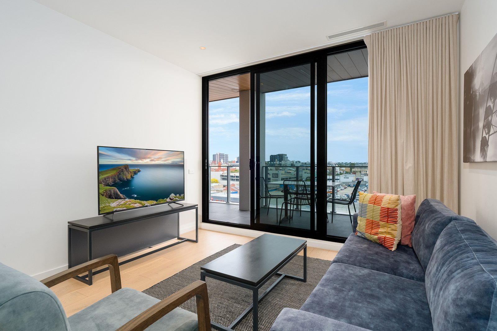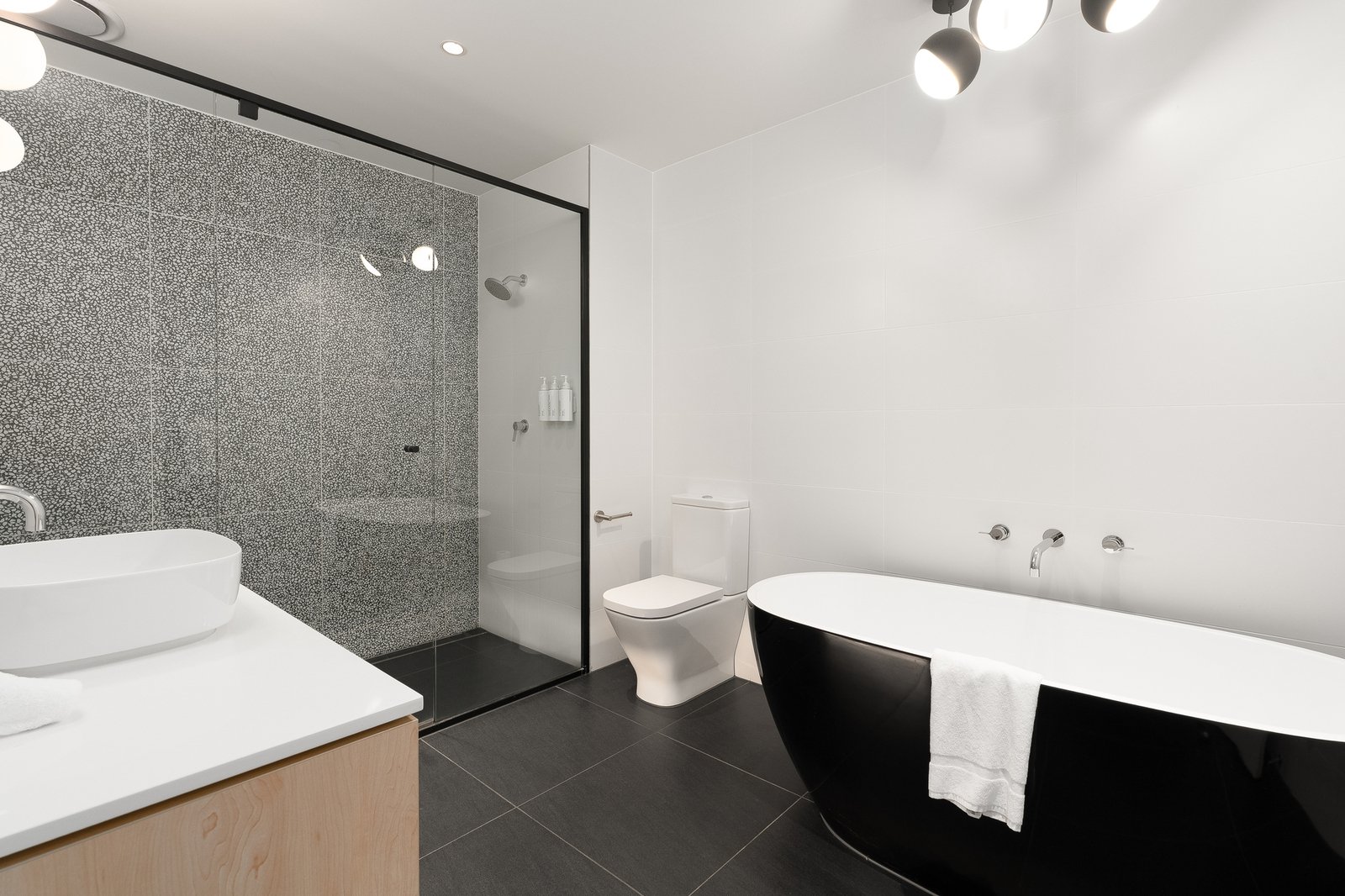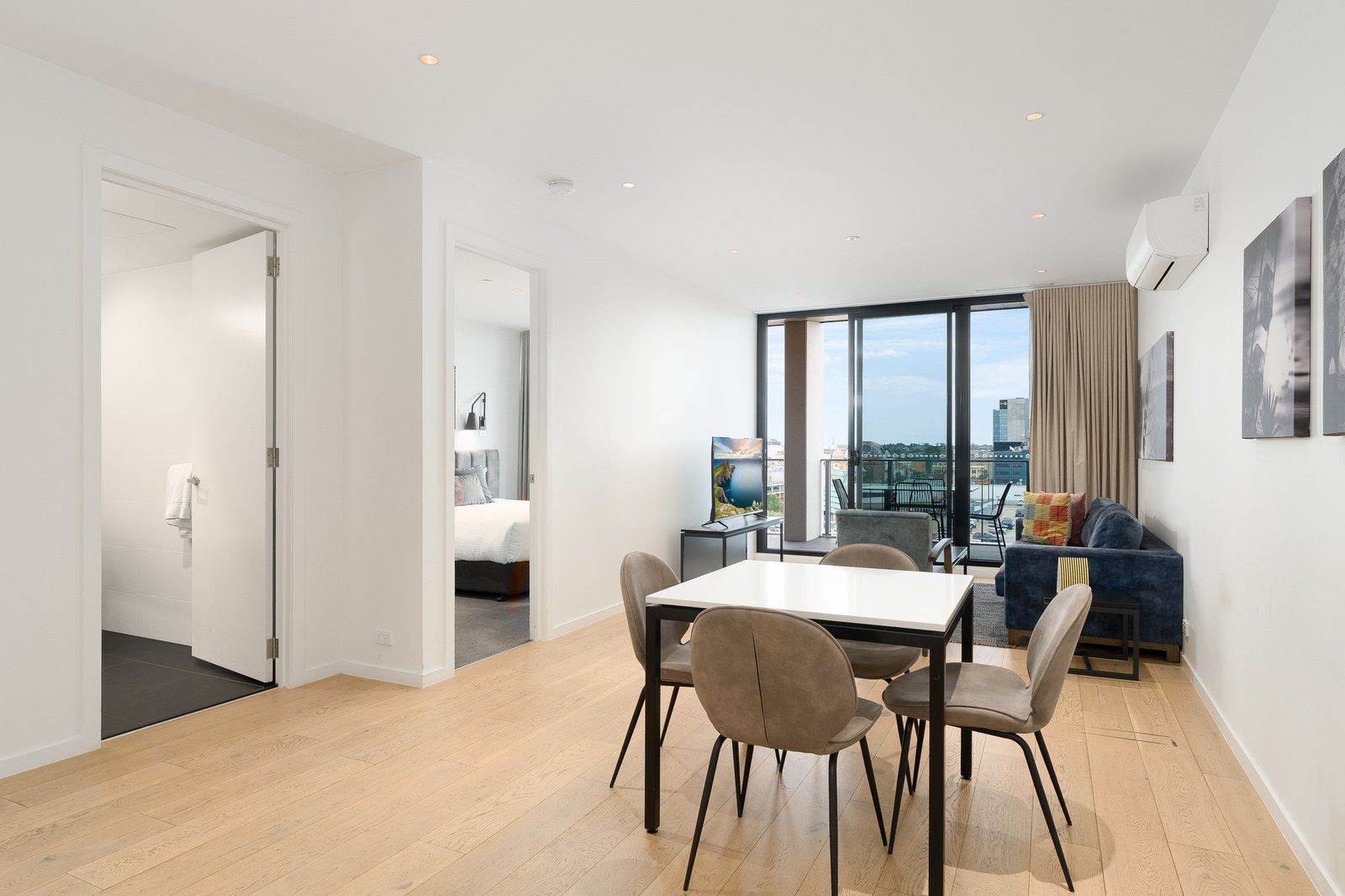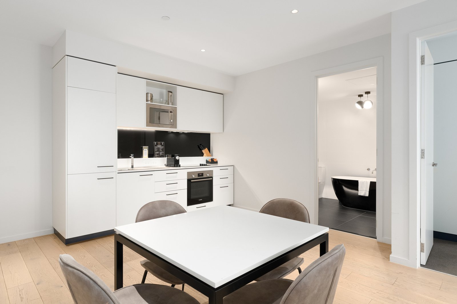 The primary apartment features a light-filled open plan kitchen, dining and living area with floor-to-ceiling glass stacker doors opening up to a private balcony showcasing beautiful views across the vibrant city skyline to the bay. The sleed kitchen features quality Bosch cooking appliances, Ariston in-built microwave, a fully integrated dishwasher, integrated fridge/freezer, and stone benchtop. The luxurious bedroom includes ambient wall lighting and built-in robes, serviced by a stylish bathroom finished in floor-to-ceiling tiles, with freestanding bath, separate shower, and stone-topped vanity. The adjoining studio suite features an ensuite in keeping with the high-end finishes of the apartment, breakfast bar, and direct access to a private balcony.
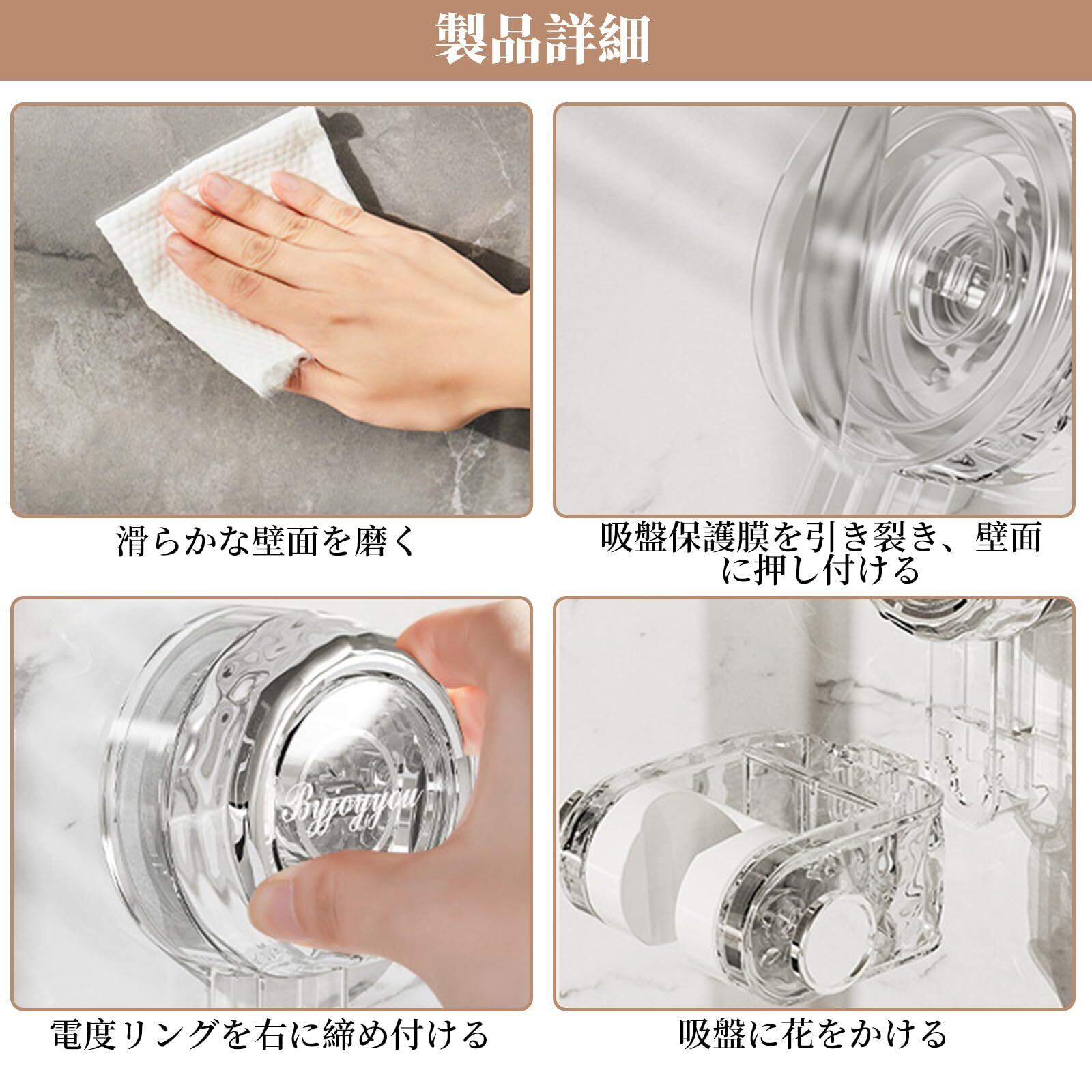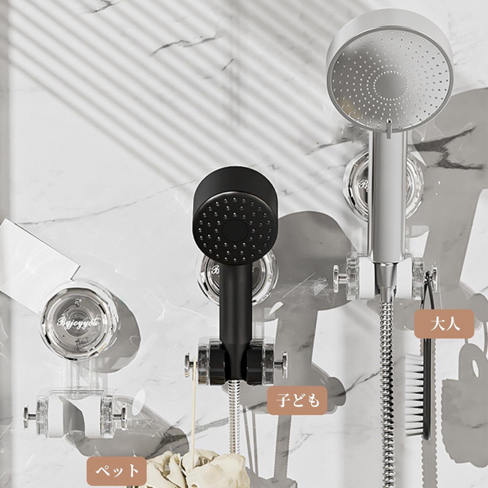【強力真空吸盤】: シャワーフック高強度の真空吸盤デザインを採用し、フックがしっかりと固定され、シャワーヘッドの重さを楽に支えられ、安全に使用できます。
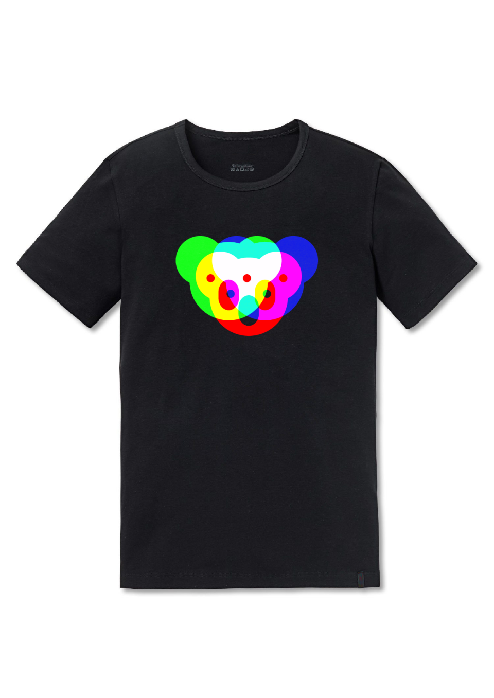Motiv „RGB Koala 2“ auf schwarzem T-Shirt
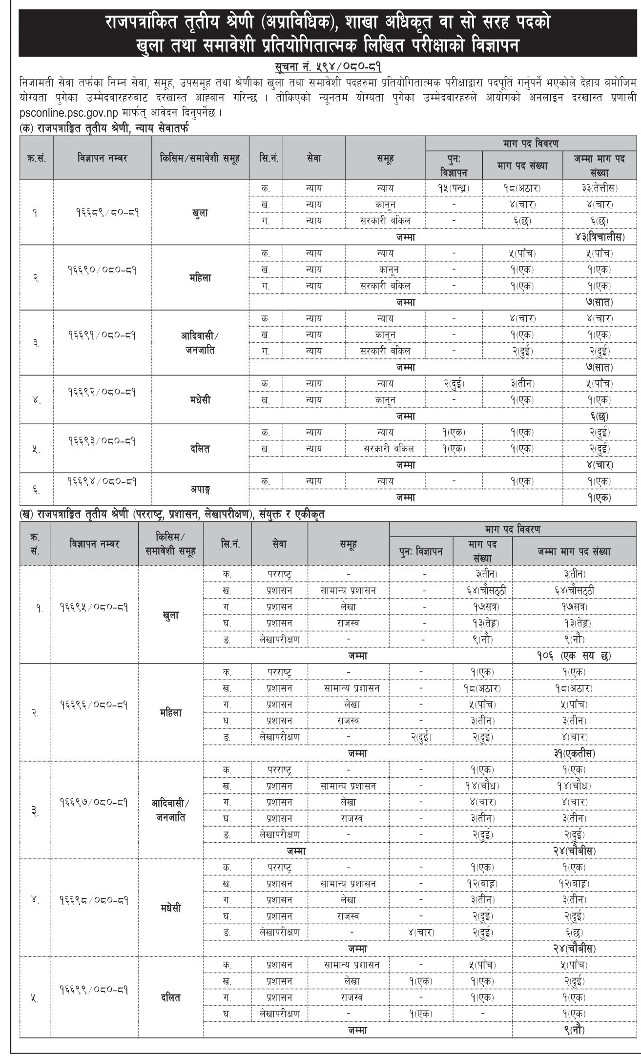 बुधबार सूचना प्रकाशित गरी आयोगले न्याय सेवा, परराष्ट्र सेवा र मानवअधिकार सेवातर्फ खुला तथा समावेशी पद्धतिबाट पदपूर्ति गर्नुपर्ने भएकाले इच्छुक तथा योग्यता पुगेका नेपाली नागरिकहरूबाट आवेदन मागेको हो ।

_____

Exactly as they appear above, print all the lines, but not the pictures.

- **Answer section**
 The primary apartment features a light-filled open plan kitchen, dining and living area with floor-to-ceiling glass stacker doors opening up to a private balcony showcasing beautiful views across the vibrant city skyline to the bay. The sleed kitchen features quality Bosch cooking appliances, Ariston in-built microwave, a fully integrated dishwasher, integrated fridge/freezer, and stone benchtop. The luxurious bedroom includes ambient wall lighting and built-in robes, serviced by a stylish bathroom finished in floor-to-ceiling tiles, with freestanding bath, separate shower, and stone-topped vanity. The adjoining studio suite features an ensuite in keeping with the high-end finishes of the apartment, breakfast bar, and direct access to a private balcony.
【強力真空吸盤】: シャワーフック高強度の真空吸盤デザインを採用し、フックがしっかりと固定され、シャワーヘッドの重さを楽に支えられ、安全に使用できます。
Motiv „RGB Koala 2“ auf schwarzem T-Shirt
 बुधबार सूचना प्रकाशित गरी आयोगले न्याय सेवा, परराष्ट्र सेवा र मानवअधिकार सेवातर्फ खुला तथा समावेशी पद्धतिबाट पदपूर्ति गर्नुपर्ने भएकाले इच्छुक तथा योग्यता पुगेका नेपाली नागरिकहरूबाट आवेदन मागेको हो ।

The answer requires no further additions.